Regular Expressions

An introduction to regular expressions, and how to use them in C++ with std::regex, std::regex_match, and std::regex_search
This lesson is part of the course:

Professional C++

Comprehensive course covering advanced concepts, and how to use them on large-scale projects.

Free, Unlimited Access
Abstract art representing computer programming
Ryan McCombe
Ryan McCombe
Updated

Regular expressions, often referred to as "regex" or "regexp", are powerful tools that allow for the search and manipulation of text. They are used to detect if a string meets specific requirements, to extract information from text, or to change text in specific ways.

Some examples where they’re useful include:

  • Validating user input - for example, ensuring a string looks like an email address, phone number, or another type of data we were expecting
  • Syntax highlighting - your code editor, or the code snippets displayed in our lessons, use regular expressions to change the color and formatting of characters to make our code more readable
  • Data extraction - for example, if we want to create a system that reads through text and extracts anything that looks like a date
  • Redaction - for example, automatically removing contents from a document that could be sensitive

In this lesson, we’ll introduce the syntax for creating a regular expression, and show how to use it to determine if our C++ string matches the given pattern. In the next lesson, we’ll expand this to cover how we can use a regex pattern to extract and replace parts of our content in a targeted way.

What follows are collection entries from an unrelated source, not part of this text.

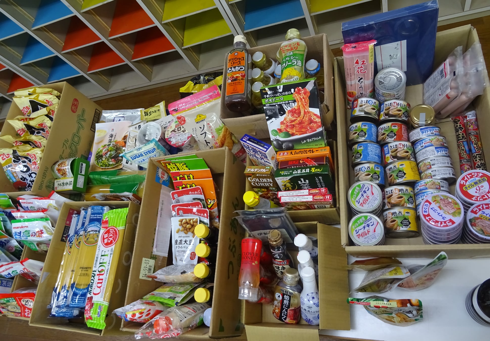 缶詰・レトルト・パスタ・食用油・調味料・即席味噌汁など。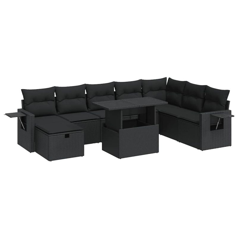 Градински комплект диван с възглавници 9 части черен полиратан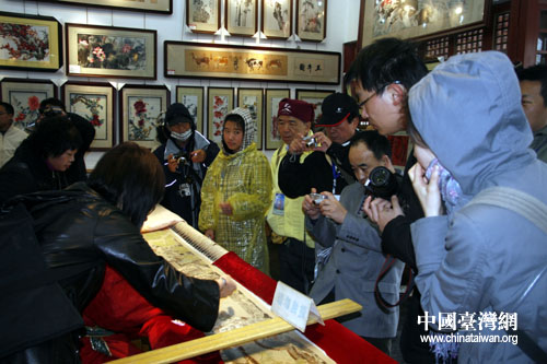 兩岸媒體在清明上河園內欣賞刺繡。(攝影 鐘寶華)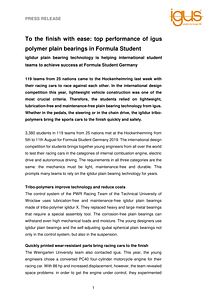 To the finish with ease: top performance of igus polymer plain bearings in Formula Student

Regular expressions can be quite challenging to understand at first. Using them to look for complex patterns or solve larger tasks can be tough. However, working with text is ubiquitous in programming, and regular expressions are the tool we reach for when our task gets a little more complex.

Additionally, regular expression syntax adheres to broadly similar standards across all of programming - not just C++. As such, once we’re familiar with them, we can use them regardless of what programming language we’re working in.

Standalone Regex Tools

When we’re writing more complex regular expressions, it’s common to craft them with the help of a standalone tool. Those tools will explain what our expression is doing, and allow us to quickly test it against a range of inputs. Many free web-based tools are available, such as the RegExr

Once we’ve created our expression in such a tool, we can copy and paste it into our code. This tends to be much faster than trying to create it in our code editor from scratch.

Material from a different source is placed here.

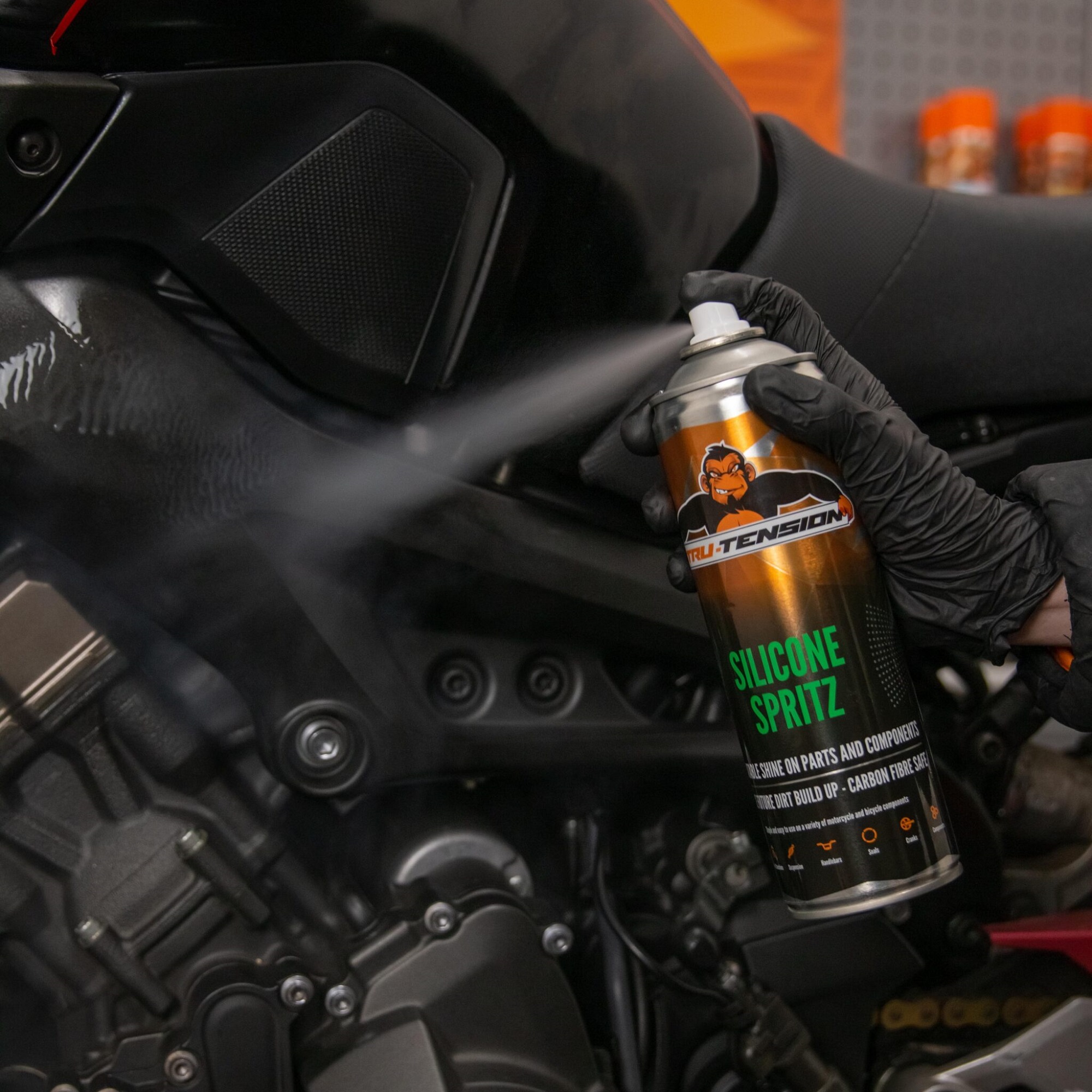 The Tru-Tension Silicone motorcycle Spray ideal for use on frames, fork stanchions, rear suspension, metal and plastic components, handlebars, seals and more! Leaving a slippery deep gloss shine which helps prevent new dirt from sticking. The perfect product for that final shine on parts and components while helping to prevent future dirt build-up.

Using Regular Expressions in C++

Regular expression functionality in the C++ library is available by including the <regex> header:

#include <regex>

Regular expressions, sometimes called patterns, are themselves strings. The standard way to create a regex pattern in C++ is through the std::basic_regex type, which is aliased to std::regex:

std::regex Pattern{"hello world"};

The two most common functions we have for running regular expressions are std::regex_match() and std::regex_search().

In their most basic usage, they accept two arguments - the string we want to test, and the regex we want to use:

#include <regex>
#include <iostream>

int main(){
  std::string Input{"hello world"};
  std::regex Pattern{"hello"};

  bool MatchResult{
    std::regex_match(Input, Pattern)};

  bool SearchResult{
    std::regex_search(Input, Pattern)};
}
  • std::regex_match() returns true if the entire input string matches the pattern
  • std::regex_search() returns true if part of the input string matches the pattern

Below, we run the regex pattern hello on the string hello world. The regex_match() call will return false because the string doesn’t match the entire pattern. The regex_search() call will return true because a substring within the input that did match the pattern was found:

#include <iostream>
#include <regex>

int main() {
  std::string Input{"hello world"};
  std::regex Pattern{"hello"};

  bool MatchResult{
      std::regex_match(Input, Pattern)};

  bool SearchResult{
      std::regex_search(Input, Pattern)};

  std::cout << "The regex_match pattern "
            << (MatchResult ? "did" : "did NOT")
            << " match";

  std::cout << "\nThe regex_search pattern "
            << (SearchResult ? "did"
                             : "did NOT")
            << " match";
}
The regex_match pattern did NOT match
The regex_search pattern did match

Case-Insensitive Regex Patterns

When creating our pattern using the std::regex constructor, we can provide a second argument. This is where we can pass flags that modify the behavior of our expression. Most of these flags are for advanced use cases that we won’t cover here.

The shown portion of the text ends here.